- Type: Commentarial text
- Parent: Aṭṭhakathā
- Commentary on: Vinaya Piṭaka (Suttavibhaṅga; Khandhaka; Parivāra)
- Composition: c. 5th century
- Attribution: Buddhaghosa
- Ṭīkā: Sāratthadīpanī-ṭīkā (Mahāvagga-ṭīkā, Cūḷavagga-ṭīkā); Vajirabuddhi-ṭīkā; Vimativinodanī-ṭīkā; Vinayālaṅkāra-ṭīkā
- Abbreviation: Sp

= Samantapasadika =

Samantapāsādikā (also spelled Samantapāsādika) is a commentary (Aṭṭhakathā) on the Vinaya Pitaka of the Theravada Tipitaka. It was composed by Buddhaghosa in the 5th century CE, based primarily on the Sinhalese Mahā-aṭṭhakathā (Great Commentary), with references also to the Mahāpaccarī and Kurundī commentaries.

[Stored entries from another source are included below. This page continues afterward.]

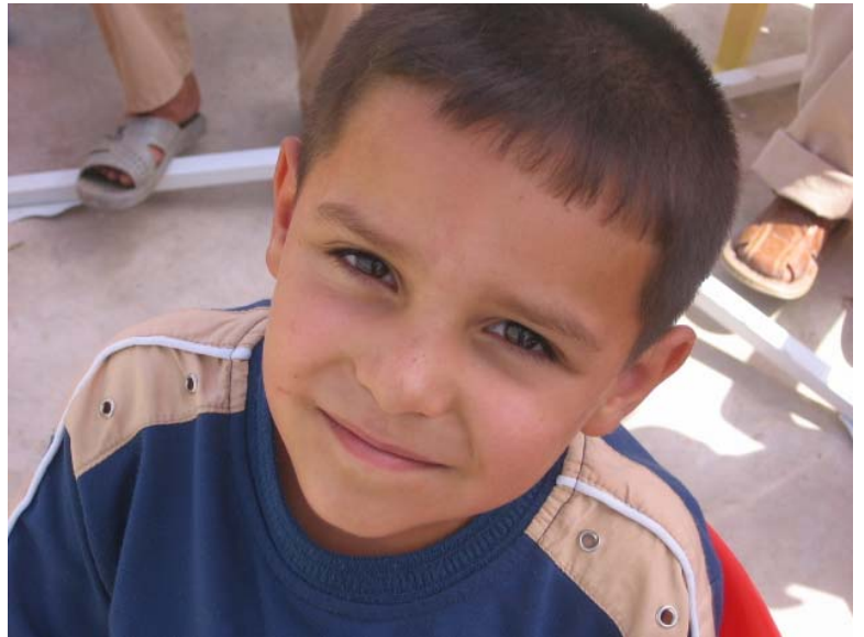
منالان توونوی زانیاری تازهییە

بابەتی نۆی، ئەمانە و بەدەییەها چالاکى سوودبەخش لە باخچەكەدا دەبنە بەردى بناخەى پەروردهیىكى چاك. شایانى باسە كە ئەمانە هەموو لە تاقىکردنەوى جۆراوجۆرو حەزو بۆچونى جىياوازی منالاندا سەرچاوه دەگرى. هەموو ئەو بیرو راو چۆنیىتى بیرکردنەویە لە نیو منالاندا پارێزگارى کردن و بەجۆشەوه بەرهەوچونە بۆ درووستکردنى زانیاریىكى هەمە لایەنە كە منالان سوودی لێدەبینن.
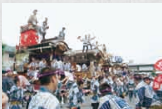
JR成田駅前に山車・屋台が勢ぞろい(5日)
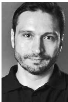
Bogdán Zsolt

Mert egyszerűen nagyon jó. Főszerepekben egyformán jó. Jó, ha szere-ti a szerepét, de ak-kor is jó, ha nem tud megbarátkozni vele. Mert mindent elsőprő szenvedéllyel ját-szik. Az ujjai köré csavarja közönségét.
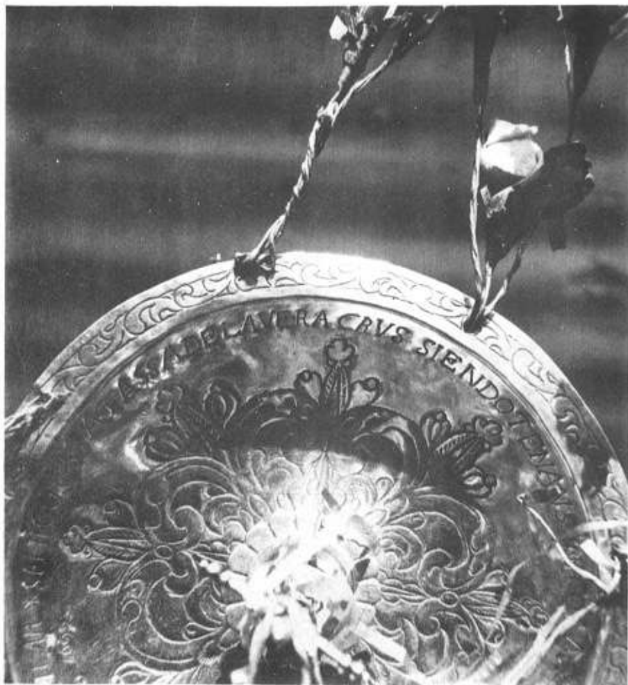
Plato de plata, una de las reliquias de las familias Carmona y Granizo.

La historia sagrada relata asimismo que la madre del Emperador, Elena mujer piadosa, de 80 años de edad, subió al Monte Gólgota con el deseo de descubrir la Cruz de Jesucristo (el Sagrado Madero). Los gentiles habían edificado en el sitio del Santo Sepulcro, un templo dedicado a la Diosa Venus. Lo primero que hizo Elena fue mandarlo a demoler y ordenó cavar hasta que se descubrió el Santo Sepulcro. Junto a él, se encontraron tres cruces iguales, sin que se distinguiera cuál era la de Cristo, pues el rótulo que decía "Jesús Nazareno, Rey de los Judíos", se había caído y estaba en medio de las tres. Para dilucidar cuál era la del Salvador, fue necesario comprobarlo a través de milagros, es decir, aplicando las tres cruces a enfermos y muertos. Una de las cruces operó milagros. La Emperatriz Elena mandó a edificar una gran iglesia en el sitio en donde se había hallado la cruz, y dejó allí un pedazo de la misma; otro se lo mandó a su hijo Constantino y el tercero lo envió a Roma.

Many of the verses in the Samantapāsādikā are borrowed from the older Dīpavaṃsa (3rd–4th century CE). The title derives from "samanta" (meaning "all around, in every direction") and "pāsādika" (meaning "lovely, pleasing").

In addition to commentary on the Vinaya, the Samantapāsādikā preserves important records on the social, political, ethical, religious, and philosophical history of ancient India. According to Oskar von Hinüber, it also incorporates verses from the Dīpavaṃsa and reflects the textual milieu of early Sri Lanka.

A sub-commentary (ṭīkā) on the work is the Sāratthadīpanī, composed by Ācariya Sāriputta Thera of Sri Lanka during the reign of King Parakkamabāhu I (1153–1186 CE).

The Samantapāsādikā was also translated into Chinese in 489 CE by the monk Sanghabhadra. It remains part of the curriculum in the Thai monastic education system at the level of Pali Studies, Grade 6 (Parian Tham 6).

== Origins ==
Buddhaghosa composed the Samantapāsādikā at Anurādhapura, Sri Lanka, between 927 and 973 BE (384–430 CE), at the request of the elder Buddhasiha, during the reign of King Siripala. In the introduction, Buddhaghosa explains that this was the first commentary he composed on the Tipiṭaka, beginning with the Vinaya rather than the Sutta, since the Vinaya is the foundation of the Buddhist dispensation.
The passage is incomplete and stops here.